After grief, I’m learning anew. You always knew that I was a lifelong learner. Back to school again and again and again. But now it’s not what I know or who I love that matters. It’s what I believe. And after grief, I’m learning to believe in myself again. To apply the lessons of the before-times to a party of one with room to invite fellow believers.

That’s harder than it sounds. But I’m working on it.


The above prose was written as part of a 13-minute writing exercise during a six-week workshop offered by @LauraLentzWriter and her Literati Academy. The writers participating in this series are exploring their way through grief and the hero’s journey.

This continues my effort at catching up on reminiscences and memories from over the summer and early fall 2025.

Steve resting on a random office chair in the middle of the woods, Fall 2022.

Tuesday, 9/9/2025, 1:20 am

One of my favorite tunes came seeping through the haze of my sleep as I napped Monday afternoon, exhausted from being up so late the night before. I really NEEDED that nap.

Peter Gabriel, Solsbury Hill, 1977, hummed through as I caught the words. 

“I did not believe the information, just had to trust imagination, My heart going Boom-Boom-Boom”. “Son,” he said, “Grab your things, I’ve come to take you home.”

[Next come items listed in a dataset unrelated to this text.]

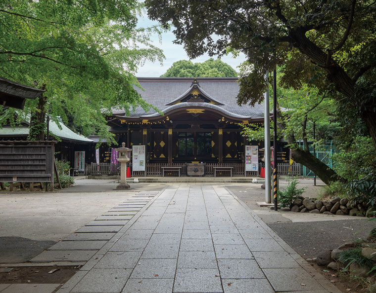 古くは氷川大明神といって旧下渋谷村、下豊澤村の総鎮守として親しまれていました。約4,000坪の広大な敷地を持つ氷川神社は渋谷区の中でも最も歴史のある古社。境内は都会とは思えない静寂に包まれています。素盞嗚尊(すさのおのみこと)と妻の稲田姫命を祀っていることから、縁結びの御利益があるといわれています。毎月15日に「縁結び祈願祭」が行われています。現在の社殿は昭和13年(1938)に総檜造で造営されました。昭和20年(1945)の空襲にも罹災せず、都内有数の木造神社建築です。
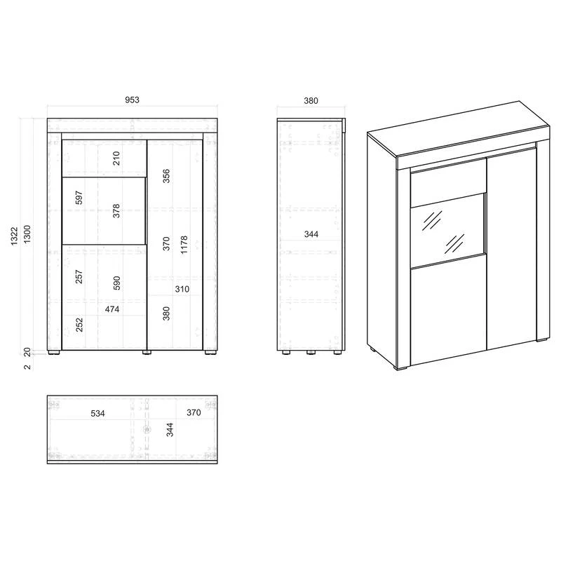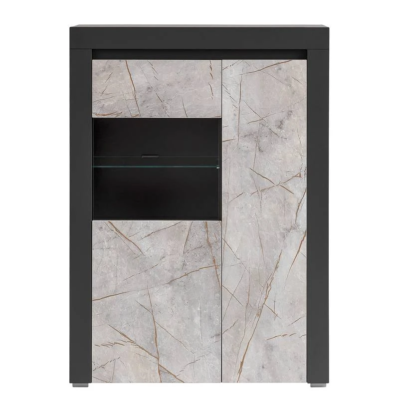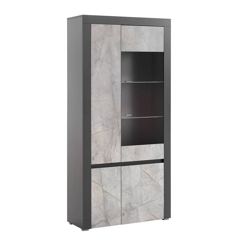 - Contenu de la livraison : Ensemble comprenant 1 vitrine, 1 tablette murale, 1 meuble TV et 1 buffet haut, sans éclairage ni accessoires
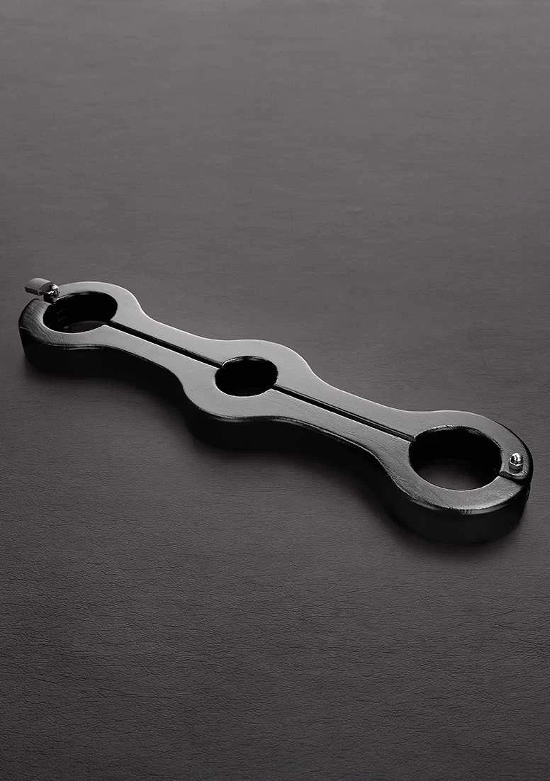 Cute femdom humiliation pillory for brutal linking of hands to male genitalia (penis plus scrotum). Unique Lederhalts design splined connection and fixing with single pin.
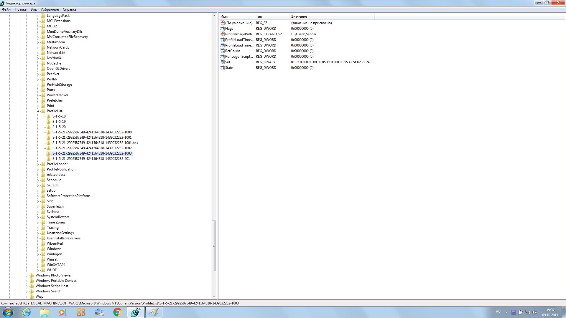 Сделайте скриншоты остальных профилей в реестре. То есть 1000 , 1001 , 1002 и так далее ... |
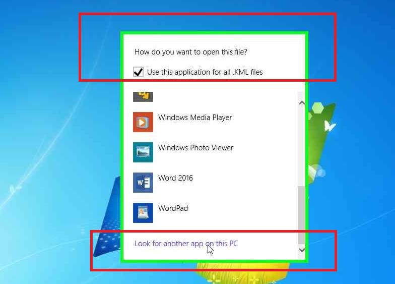 - Scroll down and select Google Earth then click OK – you are now done and don’t need to follow any more steps. However, if you don’t have Google Earth listed, scroll right to the bottom of the list and click “Look for another app on this PC”.
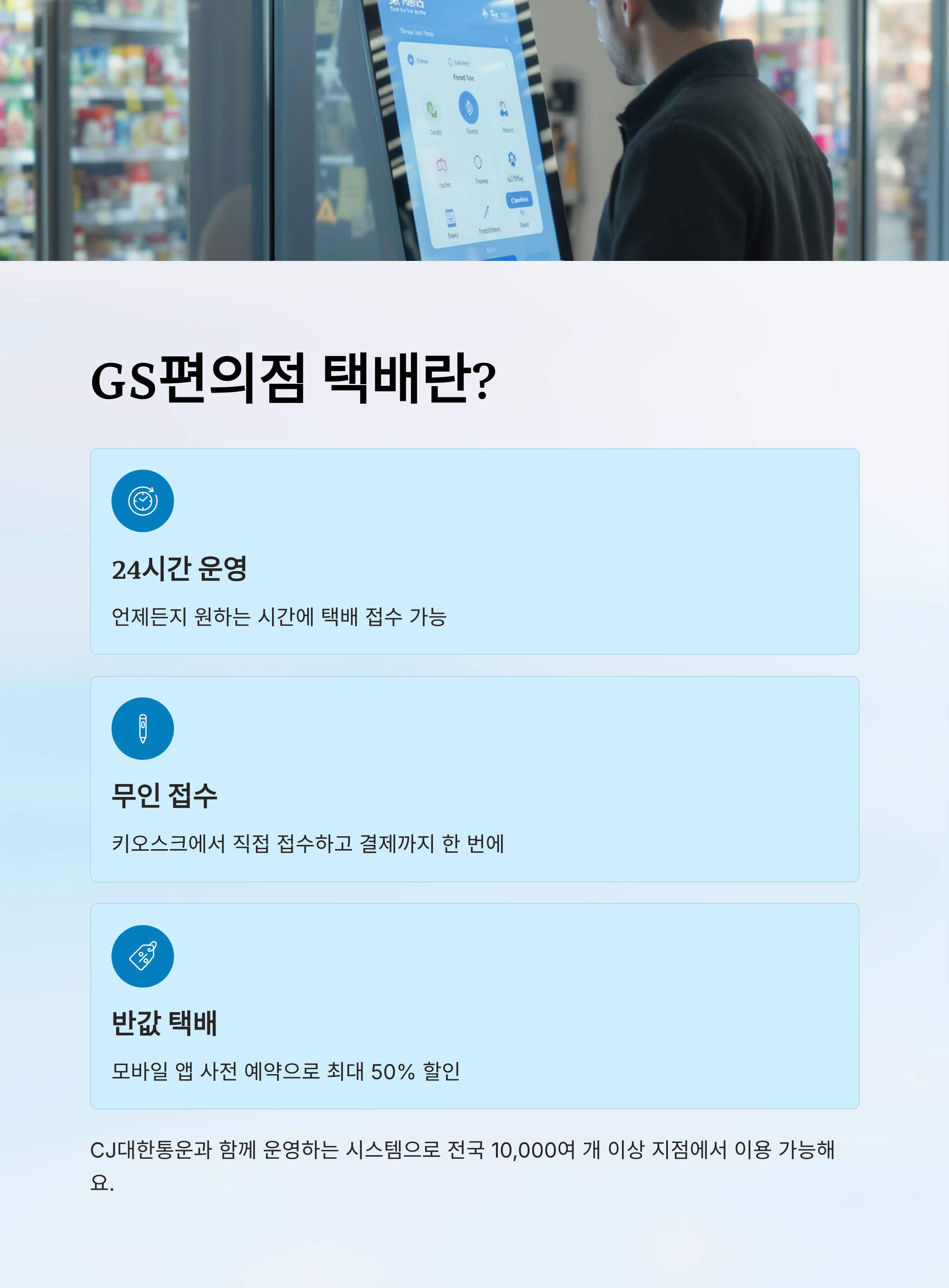 GS편의점은 24시간 운영되기 때문에 시간 구애 없이 언제든지 택배를 보낼 수 있고, 특히 2025년부터는 할인 혜택과 예약 시스템이 훨씬 더 간편해졌어요. 이 글을 보면 5분 안에 예약하고, 할인까지 받을 수 있는 완.벽.가.이.드가 눈앞에 펼쳐질 거예요 😊

Yet my dreams were unformed. Just the lyrics and tune floating through them.

“When illusion spin her net, I’m never where I wanna be. And liberty, she pirouette, When I think that I am free.

As the notes wafted through my dream state, my consciousness began to float upwards to just before wakefulness.

Watched by empty silhouettes, Who close their eyes but still can see.
No one taught them etiquette. I will show another me.”

And then I saw him, standing in the woods, the golden colors of fall leaves surrounding him, just as he had been when we went on that hike before we discovered his cancer. But rather than sitting alone in an office chair in the middle of the forest, he was standing, looking back over his shoulder towards me and smiled.

“Today, I don’t need a replacement. I’ll tell them what the smile on my face meant.
My heart going, “Boom-boom-boom”

He turned to his left and reached down to a very small child, a little boy, Richard. And somehow I knew it was the brother he’d never met, one who died as a young child, and who we discovered only when we went to write Steve’s obituary when we reviewed his mother Florence’s. 

As he looked back towards me, I asked him: “but where is your older brother, John?” The first born child of Florence and Charles James, John had died in an automobile accident when he was only 19 years old and it had devastated the family. 

And no sooner had I asked this question when a taller thin young man appeared beside Steve on his right side. Steve turned away and the three of them walked off into the forest.

‘”Hey,” I said, “You can keep my things, they’ve come to take me home.”’

And my eyes open to see his smiling face in the photo across from me.

Steve and Mara (author) wandering around the countryside.